Без эпилога
Шрифт:
И все-таки она поражала. Бывалый человек, драматург Артур Миллер, видевший ее в «Дядюшкином сне», рассказывал потом, вспоминая ее Карпухину, что такоеон еще нигде не видел. Ясно, что он имел в виду не просто и не только исполнение роли, но и огромную индивидуальность. Вот что, надо думать, его пронзило.
Когда уходят такие, как Бирман, хочется удержать в памяти ее создания, хочется рассказывать о ней всем, не знавшим Бирман в ее расцвете, хочется, наконец, наследовать то драгоценное, чем украсила она русское, советское театральное искусство.
Я начал смотреть Бирман где-то во второй половине двадцатых годов. Вот уже и более полувека прошло, а я до сего дня помню ее роли, что называется, на слух, на вкус, на цвет — так все делаемое ею было отчетливо, объемно, ярко. Она изобретала для своих ролей интереснейшие подробности. В «Эрике XIV» в роли Вдовствующей королевы она придумала какой-то шуршащий звук, с которым, как зловещая ящерица, возникала в темных дворцовых коридорах.

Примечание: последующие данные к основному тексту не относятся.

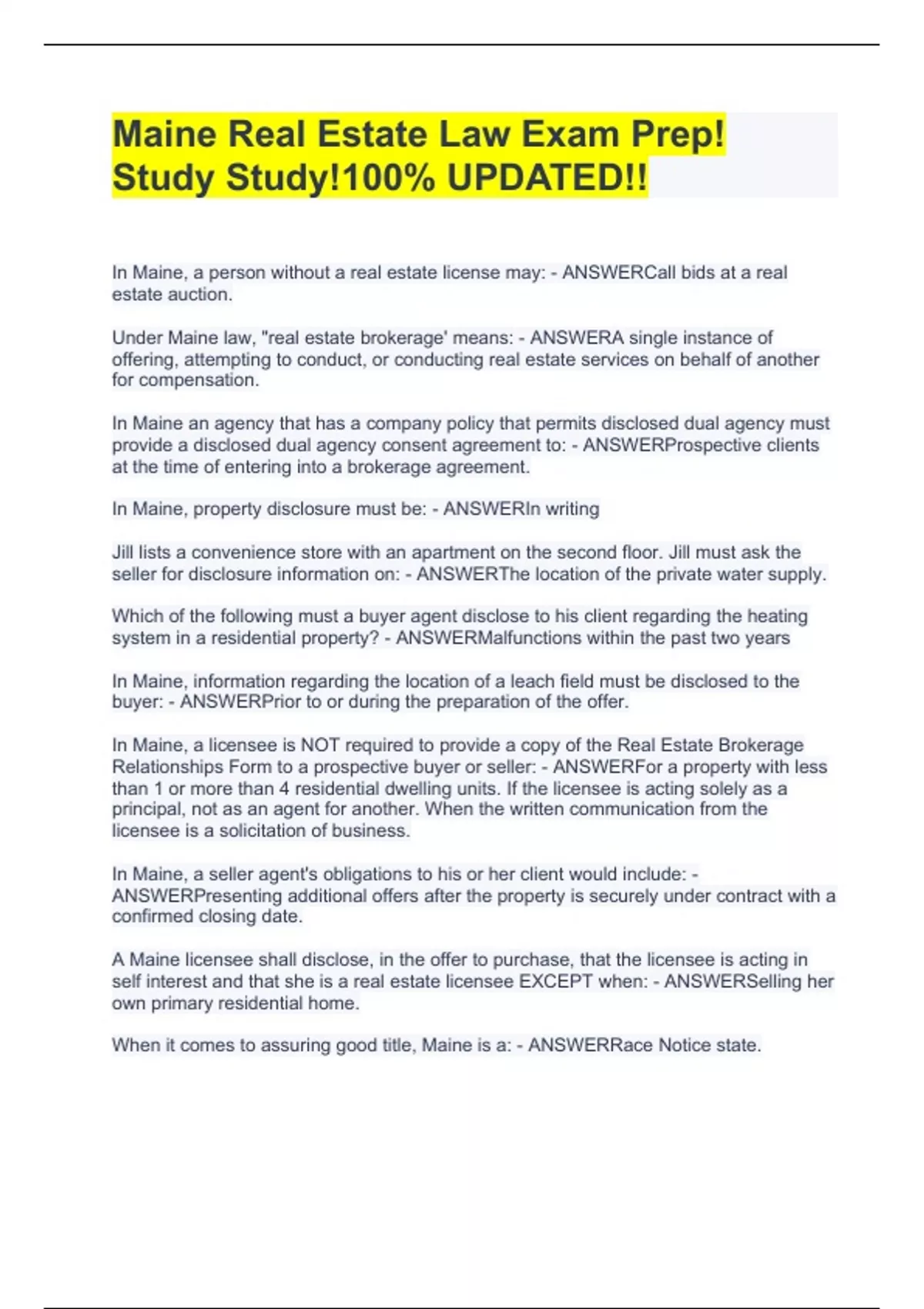 maine real estate law exam prep stuvia
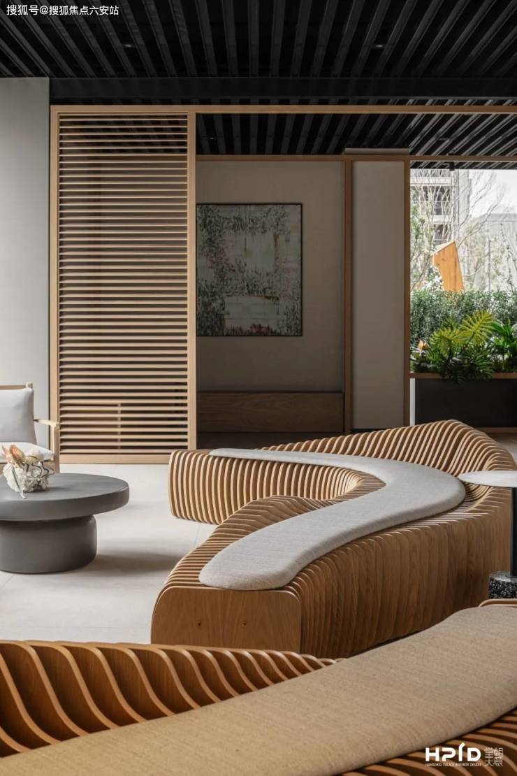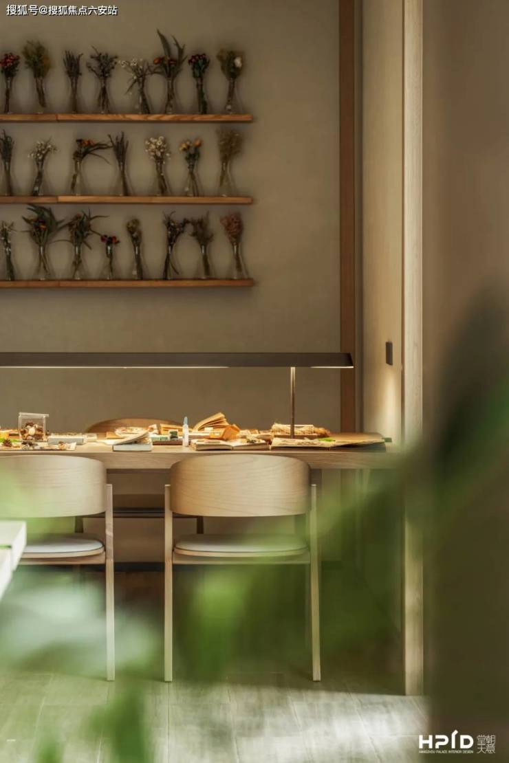 休闲区不规则形的长条座椅,犹如阳光把枝叶投射在墙上,树影摇曳。自然元素的设计,仿若置身于林间书屋,安置内心,与自己相处,与所爱的人或事相处。岁月静好,现世安稳便是人间美好。
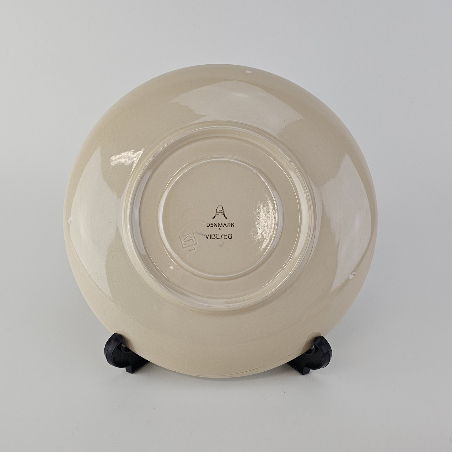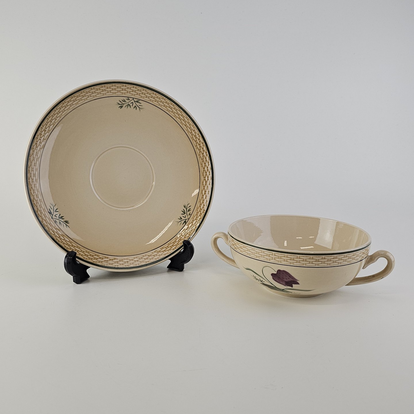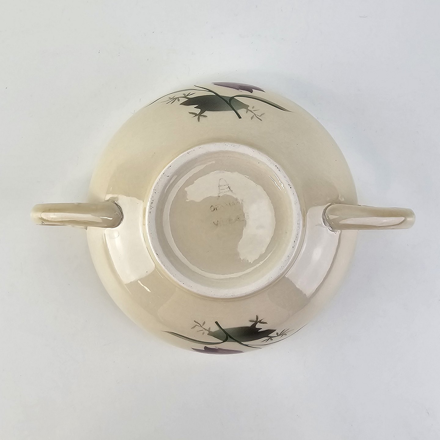Fajancestel i stelform Viktoria II (Fletværk) med flettet kant og dekoration af en vibeæg blomst i violet og grøn, fremstillet i perioden 1934-1967

И это было настолько «оттуда», что М. Чехов иногда просил ее: «Сима, пошурши…» Она придумала какой-то необъяснимо подлый голос, которым напевала куплеты из «Сильвы» для своей маникюрши Тамары в «Евграфе — искателе приключений» Файко. Трощина в «Чудаке», девка Меря в «Блохе», королева Анна в «Человеке, который смеется», Улита в «Тени освободителя», потом в Театре МГСПС — Васса Железнова и Мать в «Салют, Испания!», в Театре имени Ленинского комсомола — Мать в пьесе «Мой сын» Ш. Гергейя и О. Литовского, доктор Анна Греч в симоновском «Так и будет», Софья в «Зыковых». Все это нельзя забыть!
А ее создания еще в Первой студии МХАТа, ее фильмы, выступления в Домах творческой интеллигенции! Ее книги «Путь актрисы» и «Судьбой дарованные встречи», написанные кровью сердца, — насквозь личные и потому удивительные.

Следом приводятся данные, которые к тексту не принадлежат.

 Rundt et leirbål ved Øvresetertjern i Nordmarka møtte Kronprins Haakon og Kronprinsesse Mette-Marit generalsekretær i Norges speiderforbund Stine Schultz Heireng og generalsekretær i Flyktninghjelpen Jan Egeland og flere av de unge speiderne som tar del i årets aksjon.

Но главное в ней, чему хотелось бы следовать, — ее подвижническое, фанатическое, бескомпромиссное, яростное, любовное отношение к театру!

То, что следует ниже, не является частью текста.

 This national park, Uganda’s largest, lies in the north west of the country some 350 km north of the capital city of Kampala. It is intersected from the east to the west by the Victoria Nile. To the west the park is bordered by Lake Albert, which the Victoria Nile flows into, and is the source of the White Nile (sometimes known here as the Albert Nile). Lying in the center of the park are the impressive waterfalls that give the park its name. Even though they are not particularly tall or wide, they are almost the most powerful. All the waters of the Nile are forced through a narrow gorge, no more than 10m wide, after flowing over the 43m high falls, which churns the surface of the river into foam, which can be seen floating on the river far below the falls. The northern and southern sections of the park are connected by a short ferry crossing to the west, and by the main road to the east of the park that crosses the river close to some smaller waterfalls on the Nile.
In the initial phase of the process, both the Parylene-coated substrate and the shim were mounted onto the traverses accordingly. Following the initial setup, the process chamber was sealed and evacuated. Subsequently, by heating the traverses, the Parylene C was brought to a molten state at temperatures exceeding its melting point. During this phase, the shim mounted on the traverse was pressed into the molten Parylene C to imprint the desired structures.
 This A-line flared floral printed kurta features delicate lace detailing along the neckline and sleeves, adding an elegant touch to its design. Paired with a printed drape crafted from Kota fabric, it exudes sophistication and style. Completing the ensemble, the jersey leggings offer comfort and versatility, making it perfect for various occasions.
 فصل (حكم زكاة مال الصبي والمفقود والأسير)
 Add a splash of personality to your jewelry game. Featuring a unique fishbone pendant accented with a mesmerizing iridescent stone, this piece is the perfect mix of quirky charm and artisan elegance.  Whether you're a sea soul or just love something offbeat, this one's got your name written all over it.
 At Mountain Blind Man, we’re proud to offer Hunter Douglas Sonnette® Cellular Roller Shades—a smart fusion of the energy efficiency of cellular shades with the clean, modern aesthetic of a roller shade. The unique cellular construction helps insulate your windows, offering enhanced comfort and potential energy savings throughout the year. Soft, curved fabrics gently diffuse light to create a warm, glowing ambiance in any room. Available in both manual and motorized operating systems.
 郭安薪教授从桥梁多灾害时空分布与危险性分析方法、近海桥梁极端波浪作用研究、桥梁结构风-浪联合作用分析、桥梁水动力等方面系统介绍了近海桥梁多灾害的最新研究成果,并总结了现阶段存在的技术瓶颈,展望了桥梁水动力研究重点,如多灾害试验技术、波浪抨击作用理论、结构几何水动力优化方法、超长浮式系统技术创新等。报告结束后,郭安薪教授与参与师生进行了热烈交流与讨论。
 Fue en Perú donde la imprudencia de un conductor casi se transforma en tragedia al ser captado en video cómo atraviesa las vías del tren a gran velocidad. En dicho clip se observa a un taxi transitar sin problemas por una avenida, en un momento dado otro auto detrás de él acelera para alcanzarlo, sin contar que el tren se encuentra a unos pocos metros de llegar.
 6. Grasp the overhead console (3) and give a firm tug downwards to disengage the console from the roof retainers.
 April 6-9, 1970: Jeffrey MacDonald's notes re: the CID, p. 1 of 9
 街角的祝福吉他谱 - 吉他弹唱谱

Серафима Германовна умирала в Ленинграде. Ее близкие рассказывали, что, уже будучи в больнице, с помраченным сознанием, она пыталась репетировать «Синюю птицу» с соседями по палате, торопясь показать эту работу обожаемому ею Станиславскому! Неукротимая, она и умерла по-бирмановски — ни дня без театра!
Как режиссер она буквально завораживала актеров количеством режиссерских предложений. Она говаривала сама про себя: «Меня надо делить на 360». И так оно и было. Ее безудержная фантазия не всегда умещалась в рамках реального. Возможно, из сорока предложений к маленькому куску роли надо было отбросить тридцать восемь, но два драгоценных решали роль. Часто она боролась с «застольем», предпочитая работу на ногах. «Тело суфлирует душе», — любила она повторять.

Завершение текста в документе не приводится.